総大将には、最も信頼する弟の羽柴秀長を任命 1 。秀長には事実上の全権が委任され、この四国平定戦が豊臣政権にとって最重要課題の一つであることを内外に示した。秀吉が立案した作戦の骨子は、長宗我部氏の領国に対し、三つの方面から同時に侵攻し、防衛線を飽和させ、戦略的に包囲殲滅するというものであった。

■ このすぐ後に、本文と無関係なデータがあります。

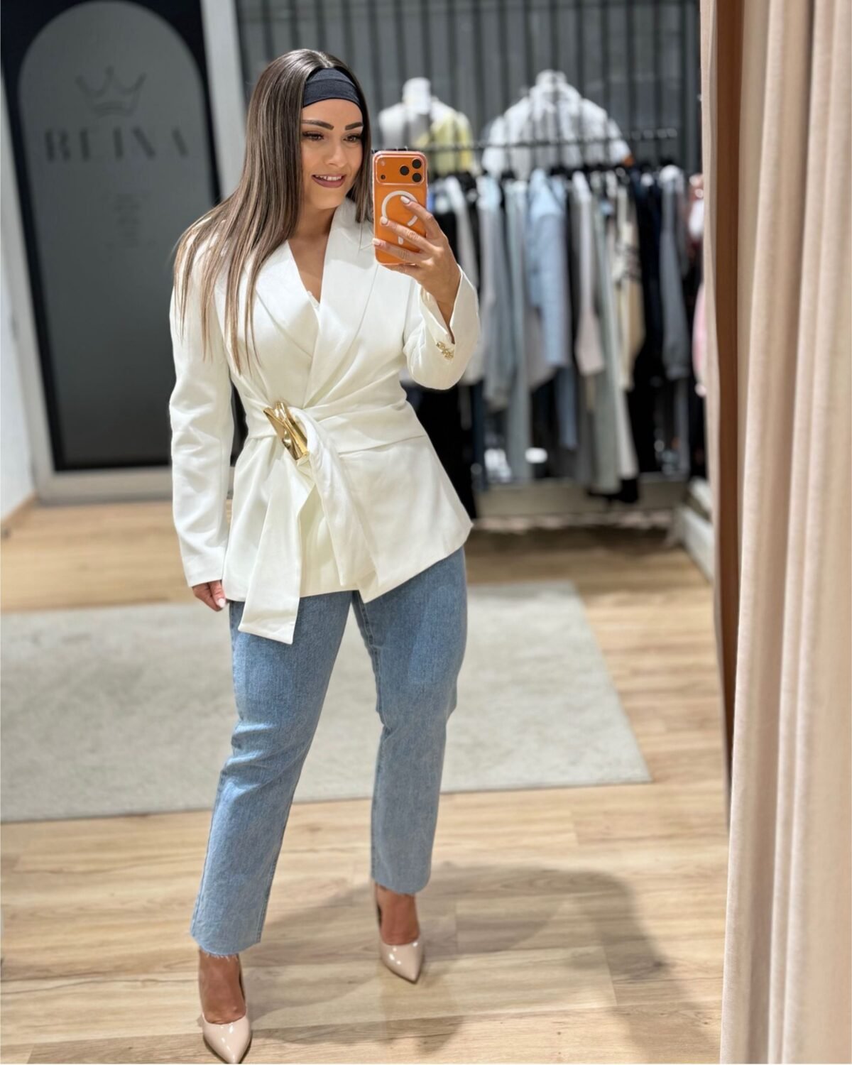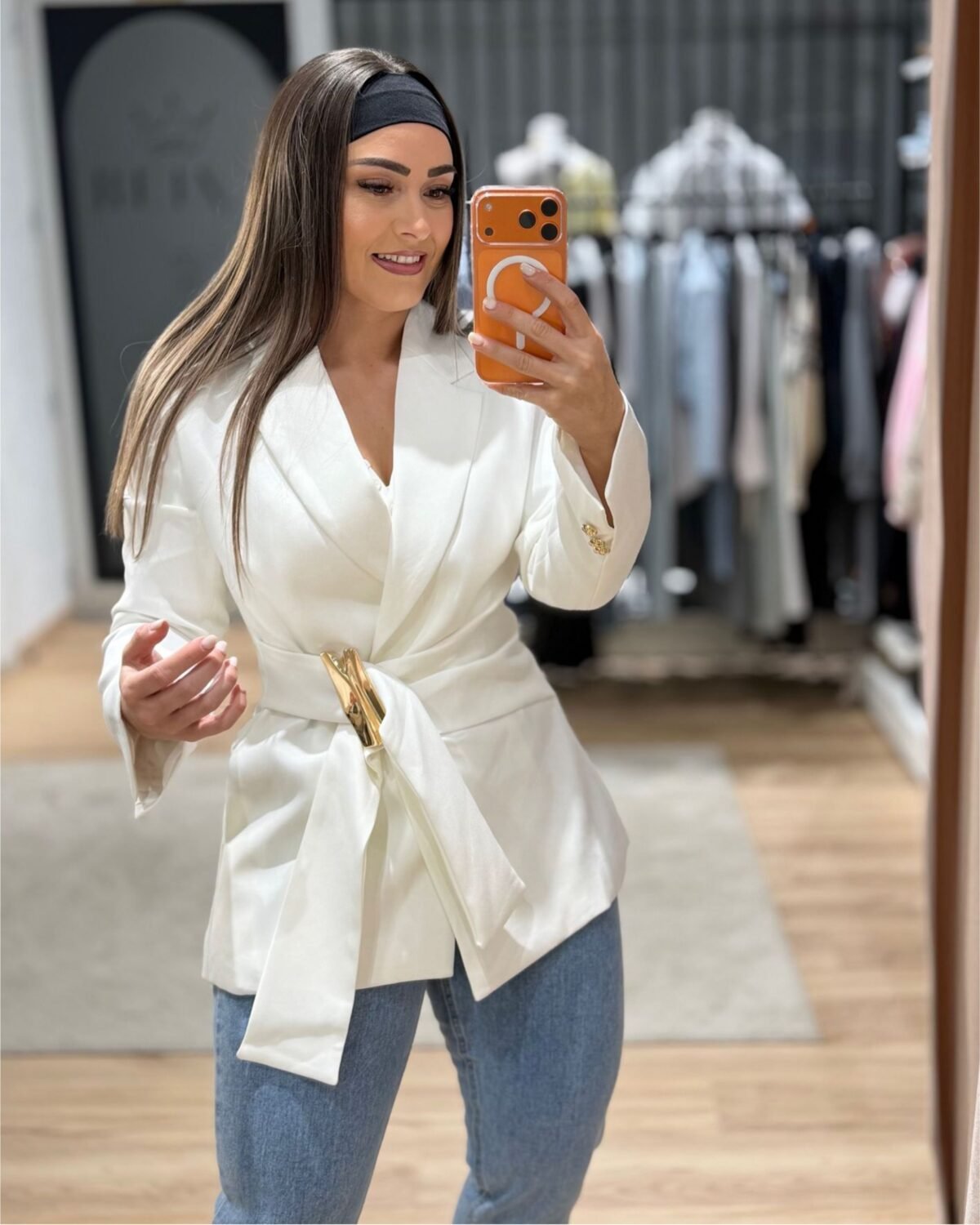Este blazer branco é aquela peça que transforma qualquer look. Tem um corte elegante, cintura marcada com cinto e detalhe dourado que dá um toque sofisticado. Fica perfeito tanto com jeans para um look mais casual, como com peças mais arranjadas para ocasiões especiais.

  • 阿波方面(主攻): 総大将・秀長自らが率いる約6万の主力軍団。摂津・和泉から淡路島を経由し、四国の玄関口である阿波国に上陸する。これは元親の本国・土佐への最短ルートであり、長宗我部軍の主力を引きつける役割を担っていた 7
  • 讃岐方面(助攻): 備前・美作の領主である宇喜多秀家を主将とし、軍師・黒田孝高、猛将・仙石秀久らを加えた約2万3000の軍勢。備前・播磨から瀬戸内海を渡り、讃岐国東部の屋島に上陸。阿波の主戦場を側面から支援し、讃岐の国人衆を制圧する任務を帯びていた 2
  • 伊予方面(助攻): 中国地方の覇者・毛利輝元を総大将とし、その叔父である小早川隆景、吉川元長が率いる約3万の軍勢。安芸から芸予諸島を渡り、伊予国北部に上陸。四国の西側から長宗我部領を切り崩し、完全な包囲網を完成させる役割を果たした 7

この三方面侵攻作戦の全貌は、以下の表に集約される。

【表1:豊臣軍四国侵攻部隊の編成(天正13年6月)】

方面

総大将/主将

主要武将

兵力(推定)

侵攻経路

阿波

羽柴秀長

羽柴秀次、蜂須賀正勝、筒井定次

約60,000

摂津・和泉 → 淡路島 → 阿波国

讃岐

宇喜多秀家

黒田孝高、仙石秀久

約23,000

備前・播磨 → 備讃瀬戸 → 讃岐国屋島

伊予

毛利輝元

小早川隆景、吉川元長

約30,000

安芸 → 芸予諸島 → 伊予国今治

合計

約113,000

豊臣軍の総兵力は10万を超え、対する長宗我部軍は四国全土からかき集めても最大で4万程度であった 2 。この3倍近い兵力差は、戦う前から勝敗がほぼ決していたことを物語っている。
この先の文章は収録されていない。